**TASK INSTRUCTIONS:**
Below is some data. Retype exactly the lines starting at the one with "THE BECKER MILK" and ending at the one with "IONIAN PRINCESS 150'/45.73m".

**SOURCE MATERIAL:**

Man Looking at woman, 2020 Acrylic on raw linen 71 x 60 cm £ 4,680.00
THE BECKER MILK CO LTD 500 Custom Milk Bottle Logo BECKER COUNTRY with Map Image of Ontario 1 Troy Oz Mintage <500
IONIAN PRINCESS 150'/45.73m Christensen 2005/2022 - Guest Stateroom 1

==

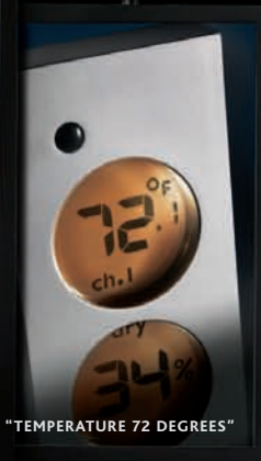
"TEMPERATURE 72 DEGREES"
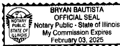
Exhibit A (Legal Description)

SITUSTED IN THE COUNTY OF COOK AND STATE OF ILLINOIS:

**OUTPUT OF THE TASK:**
THE BECKER MILK CO LTD 500 Custom Milk Bottle Logo BECKER COUNTRY with Map Image of Ontario 1 Troy Oz Mintage <500
IONIAN PRINCESS 150'/45.73m Christensen 2005/2022 - Guest Stateroom 1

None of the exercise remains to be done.